Fiquei alguns dias na dúvida se ia ou não à Cinelândia testemunhar o fato inusitado de termos por aqui um presidente americano a discursar em praça pública. Como fã de história, desenvolvi o faro específico para determinar quando se está participando de um acontecimento que será ensinado em salas de aula, ou, como parece querer a natureza, contado ao redor da fogueira em noites nucleares.

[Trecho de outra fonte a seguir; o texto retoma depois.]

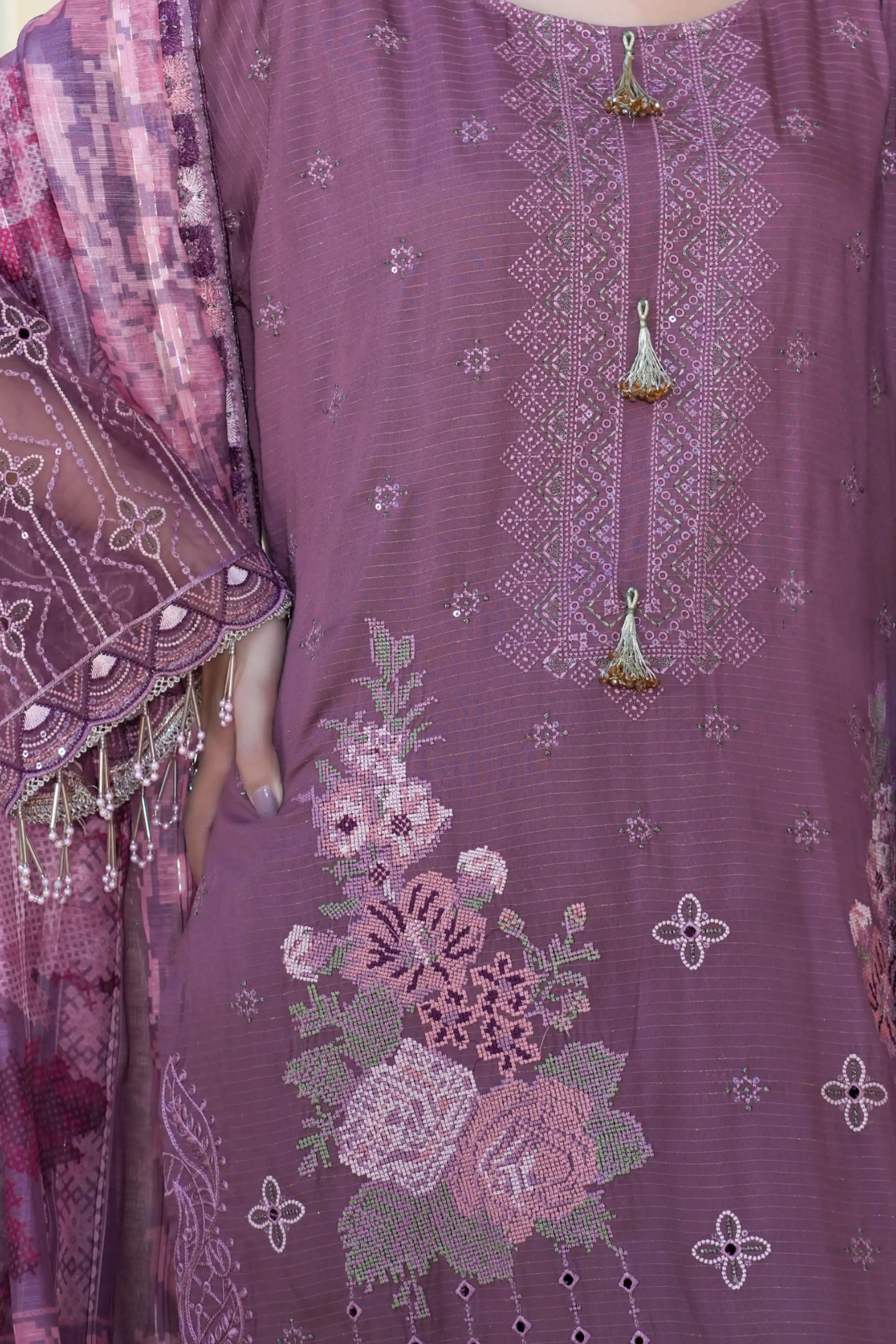 Muted Mauve - Chamki Bana Dora Viscose Unstitched 3-Piece Embroidered Suit

Senti isso ao ver Zélia na TV, na passeata dos caras pintadas, no 11 de setembro, na primeira eleição de Lula e na própria eleição do cidadão tão bem retratado em uma banca de novidades em uma livraria chique aqui do Rio (a foto foi tirada hoje às 17h!). Mas, desta vez, o cheiro é outro. Não espero garfada no pré-sal, solapada na biodiversidade amazônica, nem outros quetais.

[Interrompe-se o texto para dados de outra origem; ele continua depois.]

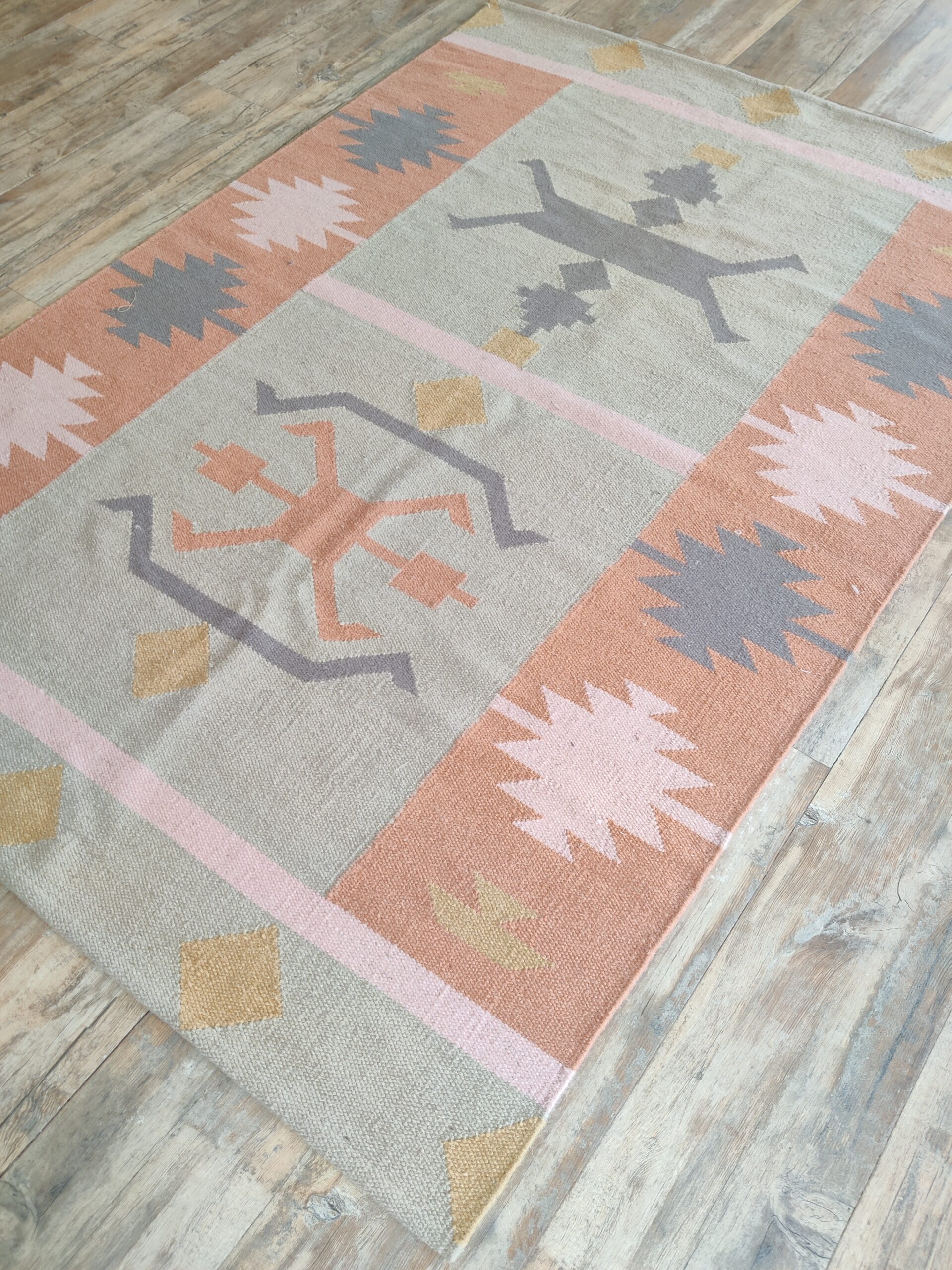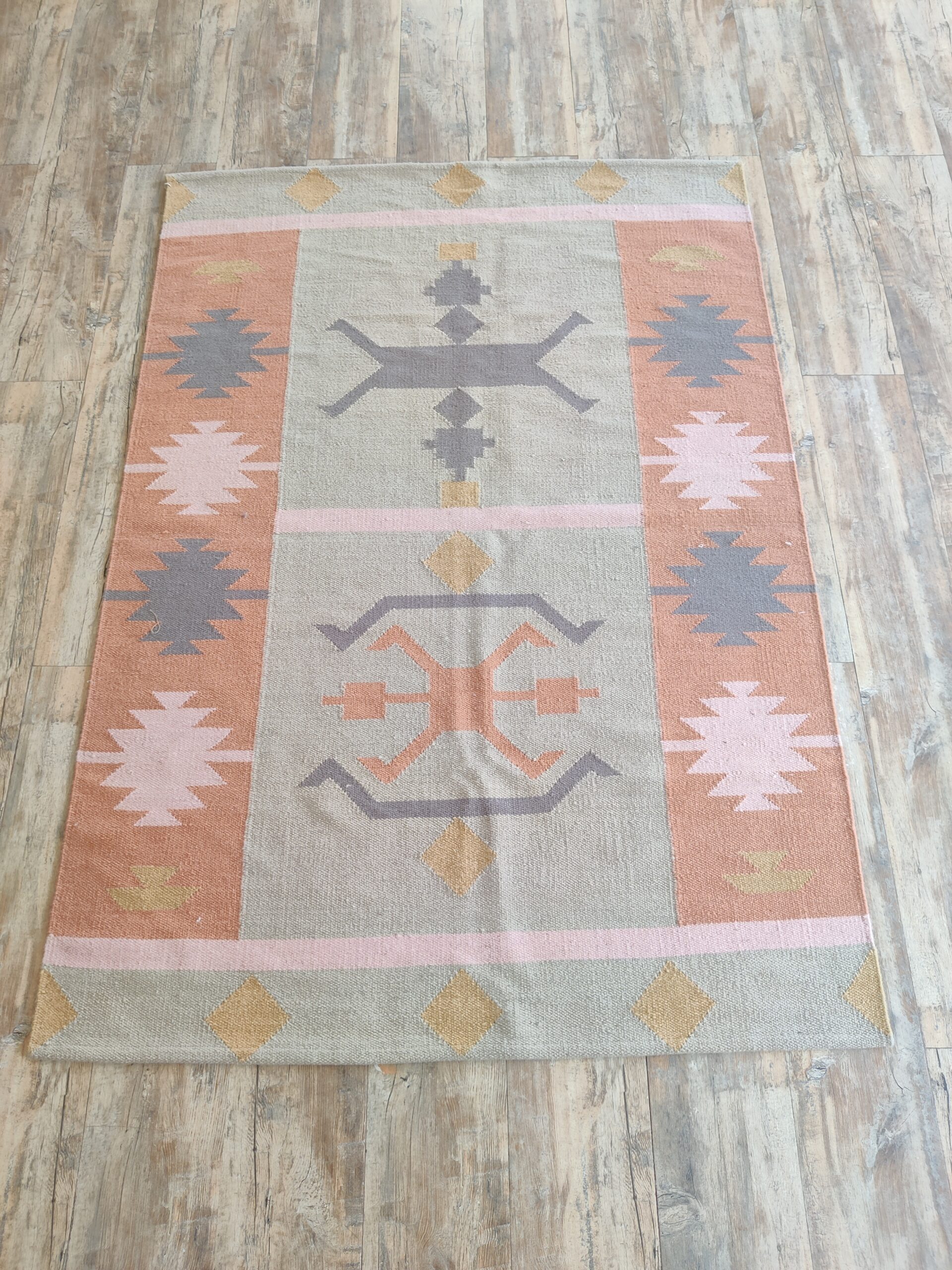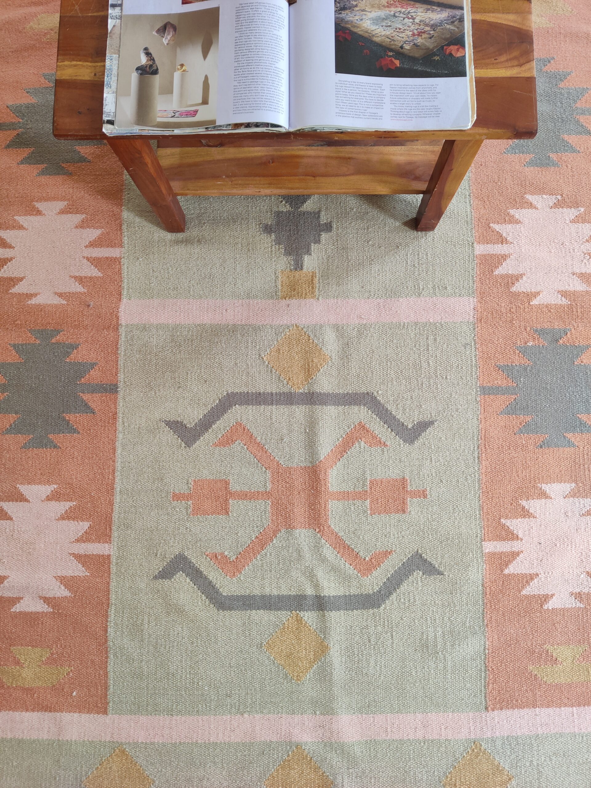 Handwoven Home And Living Room, Bedroom Cotton Wool Kilim Rug

E o que eu espero – embora não queira – , tão pouco será televisionado, escrito ou falado em público.
A visita e o discurso acontece no equinócio de Outono, data famosa em certos grupos, com certas inclinações e objetivos. Não, não acredito em seitas secretas ou coisas do gênero, em nova ordem mundial, em técnicas de dominação mental etc. Acho mídia da própria mídia para se justificar como tal. Mas, curto um bom argumento, um plot sugestivo. E este está pedindo. Acompanhem:
Coincidentemente ou não, foi o mesmo em dia que em 1815 – Napoleão entrou em Paris após escapar de seu exílio em Elba, começando seu “Governo dos Cem Dias”; em 1848 aconteceu a Revoluções de dos Estados Alemães; em 1916 Albert Einstein publicou sua teoria geral da relatividade; em 1952 o Senado dos Estados Unidos ratificou o acordo de paz com o Japão; em 1995 foi realizado o atentado terrorista em cinco diferentes estações de metrô de Tóquio matando 1300 pessoas e, finalmente, em 2003 os EUA invadiu o Iraque.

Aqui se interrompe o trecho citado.